In their review of experimentally induced changes in acid–base status, Hood and Tannen found that 12 of 12 studies of respiratory alkalosis and 12 of 15 studies of metabolic alkalosis observed an increase in net lactate production. In contrast, they found that three of three studies of respiratory acidosis and seven of nine studies of metabolic acidosis reported a decrease in net lactate production. The regulatory effect of pH on lactate production is modulated by the concentration of high-energy phosphates and the availability of glucose as a substrate for glycolysis.

Brautbar et al. showed that a combination of hyperventilation-induced respiratory alkalosis and a continuous glucose infusion led to a five-fold increase in serum lactate after 60 min in dogs. This increase in lactate was attributed to the disinhibiting effect of alkalosis on glycolysis, as there was no evidence for intracellular hypoxia or high-energy phosphate depletion. ⁸

These studies demonstrate that the homeostatic response to alkalosis can lead to substantial increases in lactate levels in the absence of any shortfall in oxidative metabolism. However, it should be noted that in patients with critical illnesses, lactate is a risk marker not a risk mediator: several studies have shown that the administration of exogenous lactate is safe or even beneficial. ⁹ Lactate can be reused directly as a substrate to generate adenosine triphosphate by many organs, including the heart, the brain and the kidneys. Therefore, it has been suggested that the hyperlactataemia of hyperventilation serves as a favourable metabolic compensatory process during respiratory alkalosis. ¹⁰ The exact reason for the hyperlactataemia of hyperventilation will remain a topic of teleological debate.

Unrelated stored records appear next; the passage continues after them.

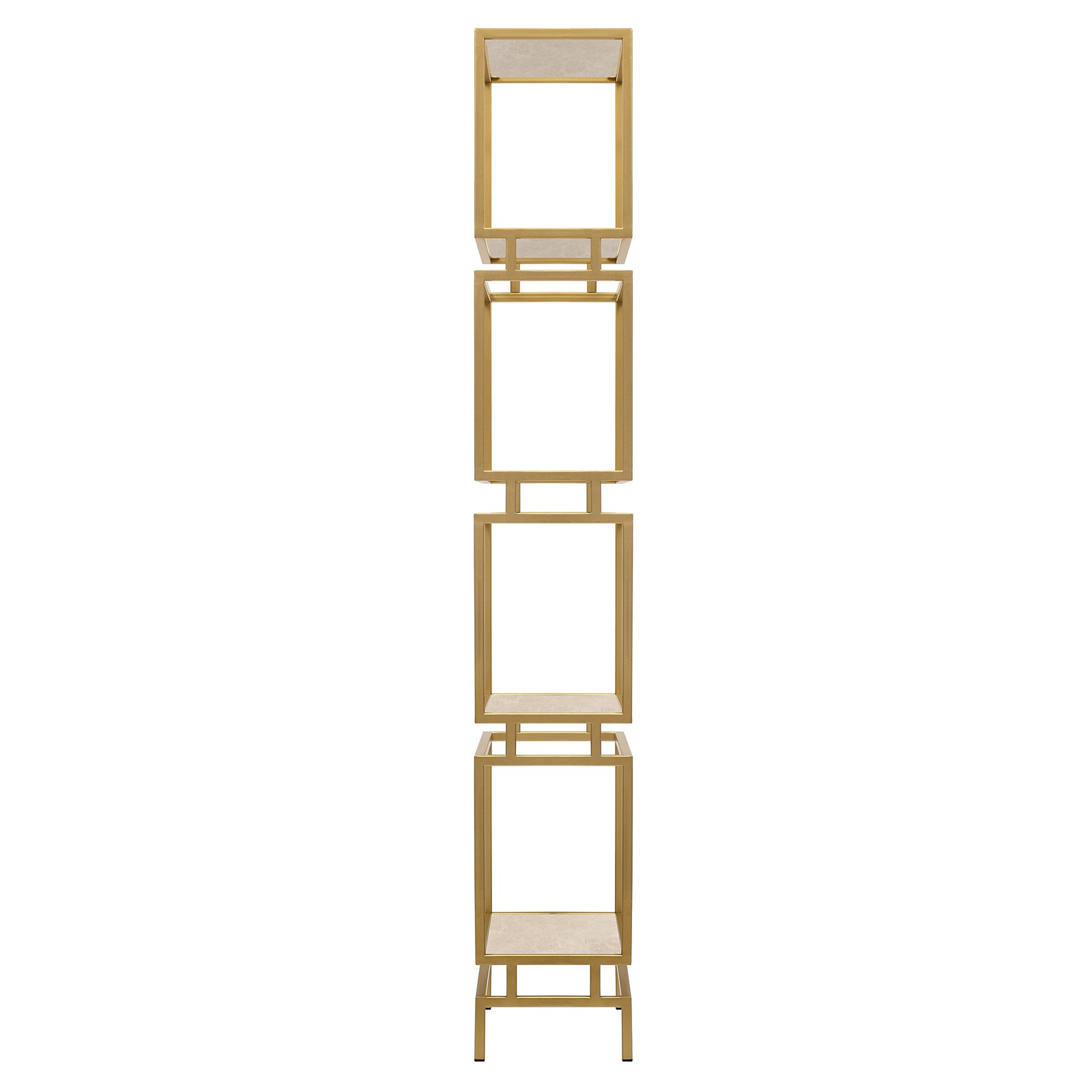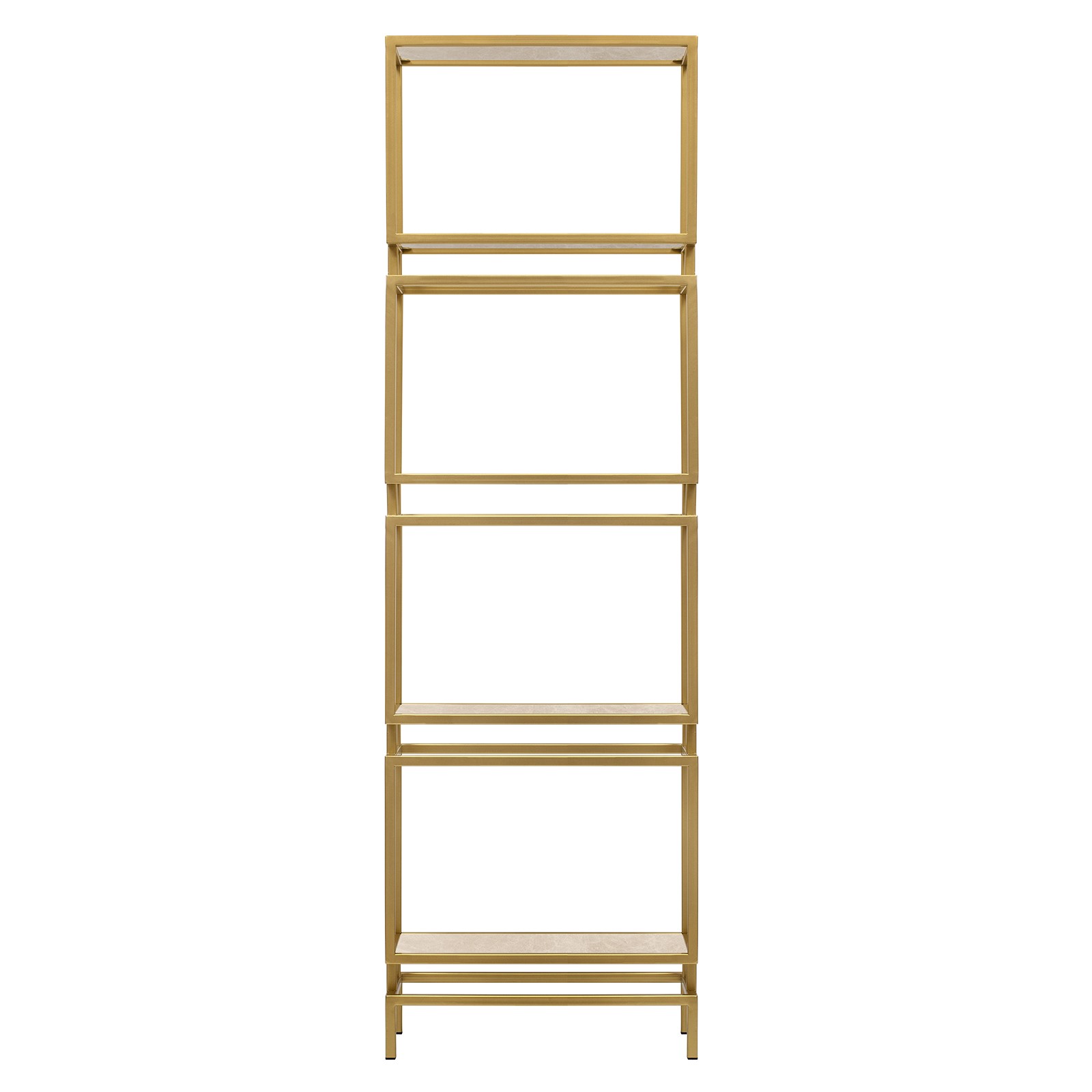 Золотой металлический стеллаж BRICK с полками из натурального камня привлекает внимание элегантным дизайном и функциональностью.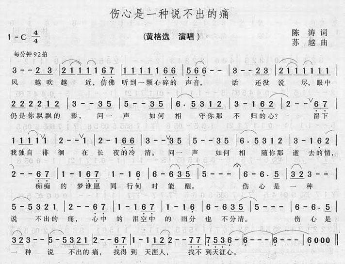 >> 伤心是一种说不出的痛-黄格选(简谱)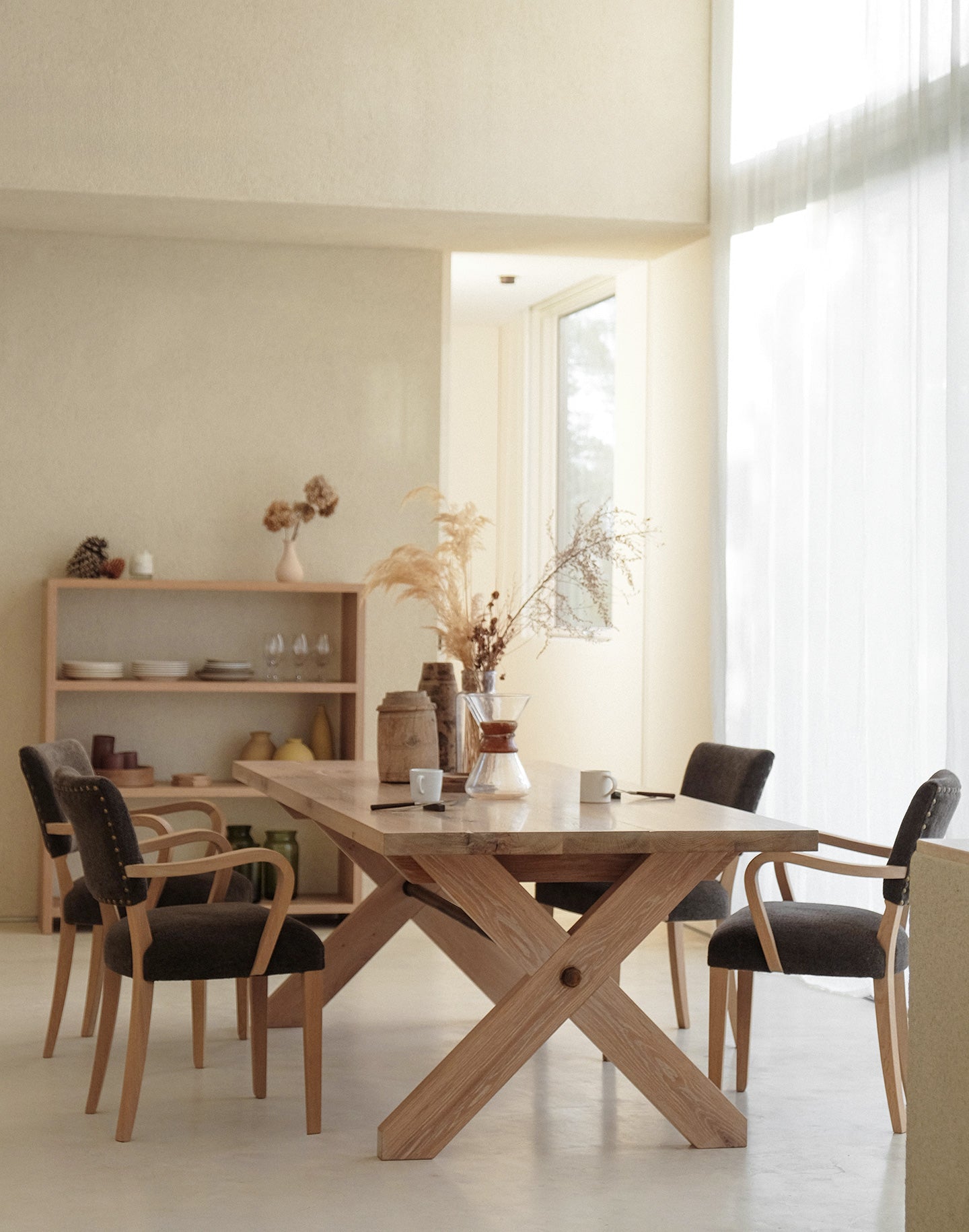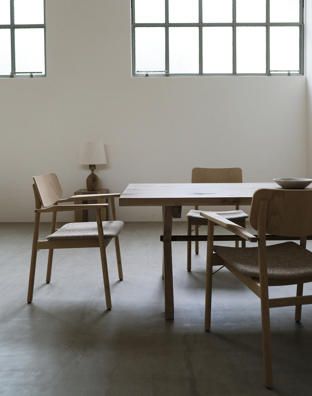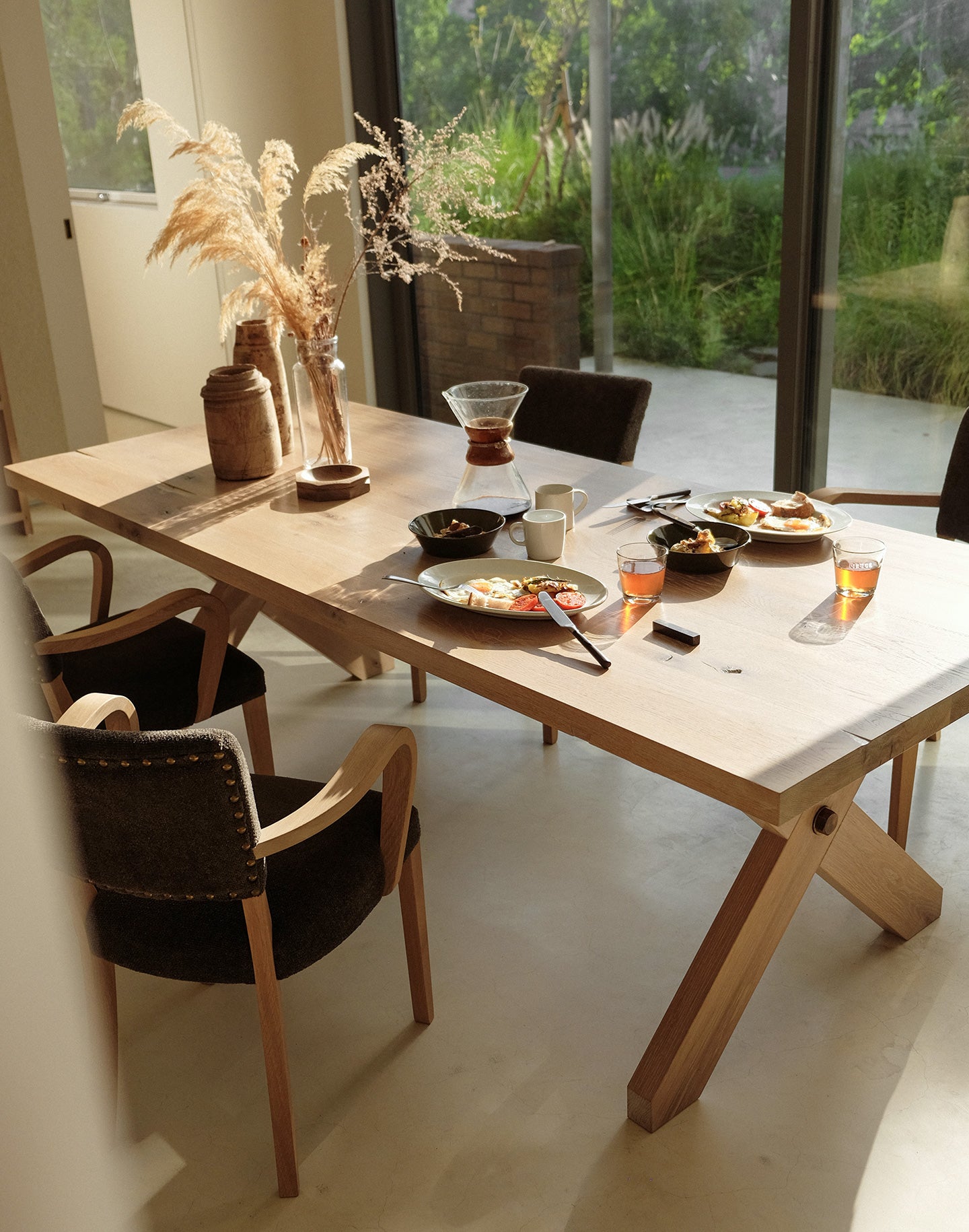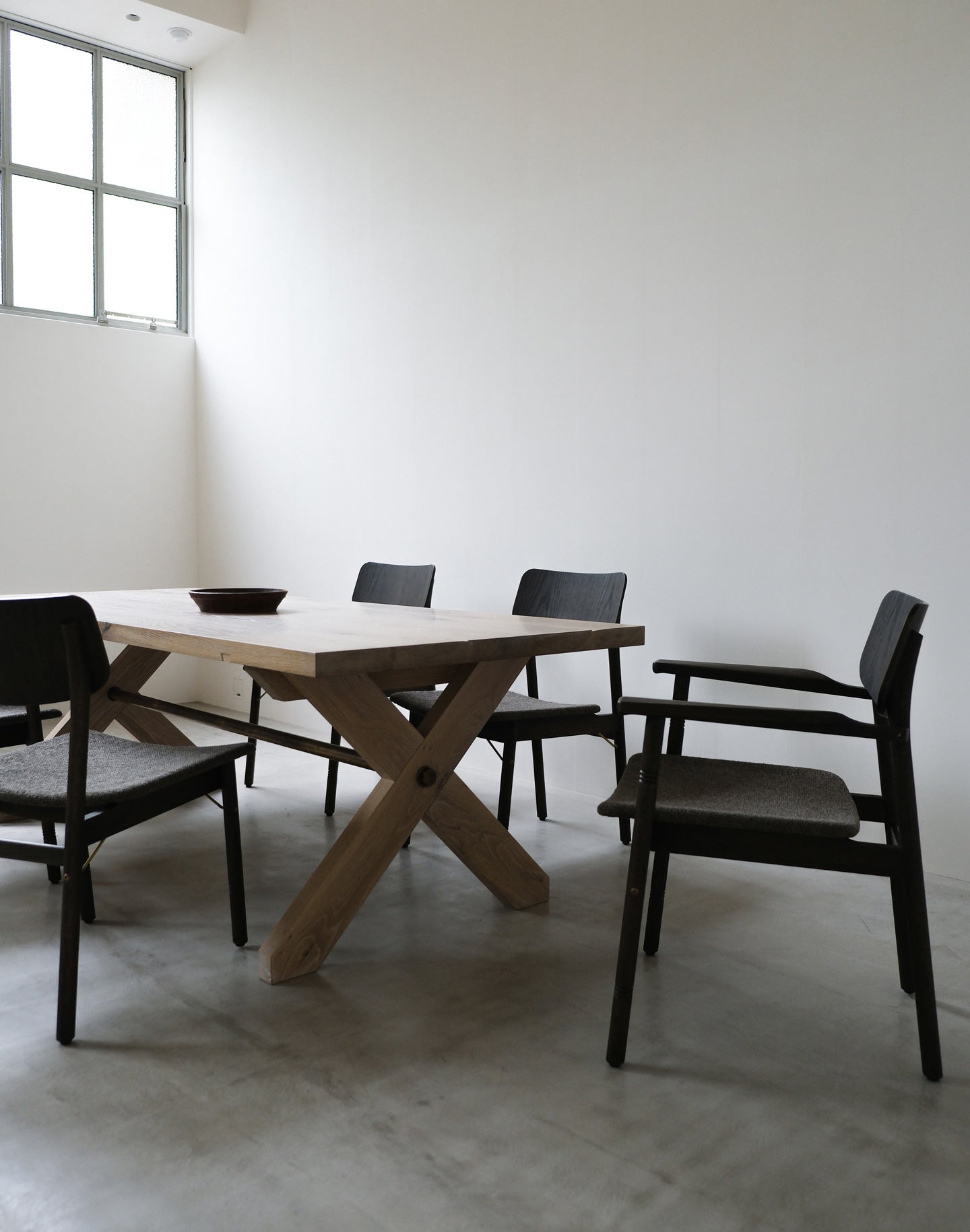 天板の反りを抑える蟻桟がしっかりと堂々と入っている。それがクロスした脚を受ける。その両側のクロスを真鍮の“ポール”がガッチリと繋ぎ、「任せろ」とばかりにじっと息を殺して支えている。そんなポールのことは、そこに座る人は気付かなくていい。ふと落としたフォークを拾う時に、はじめてポールと目が合う。静かに支える真鍮のポールに「素敵だな」と数秒見入ってしまうかもしれない。

Our case study is the first to describe the presence of hyperventilation-related hyperlactataemia in a case of paroxysmal vocal cord dysfunction, and although PVCD is not a frequent entity, it should be kept in mind in order to avoid misdiagnoses and unnecessary and possibly harmful medication. One should not forget that although less frequent, PCVD can occur in asthmatic patients. Obtaining a careful history and determining triggers are important in order to establish a correct diagnosis and implement proper treatment. Importantly, a raised lactate in such cases may not represent severe underlying pathology.

Consent

This report is published with the written consent of the patient.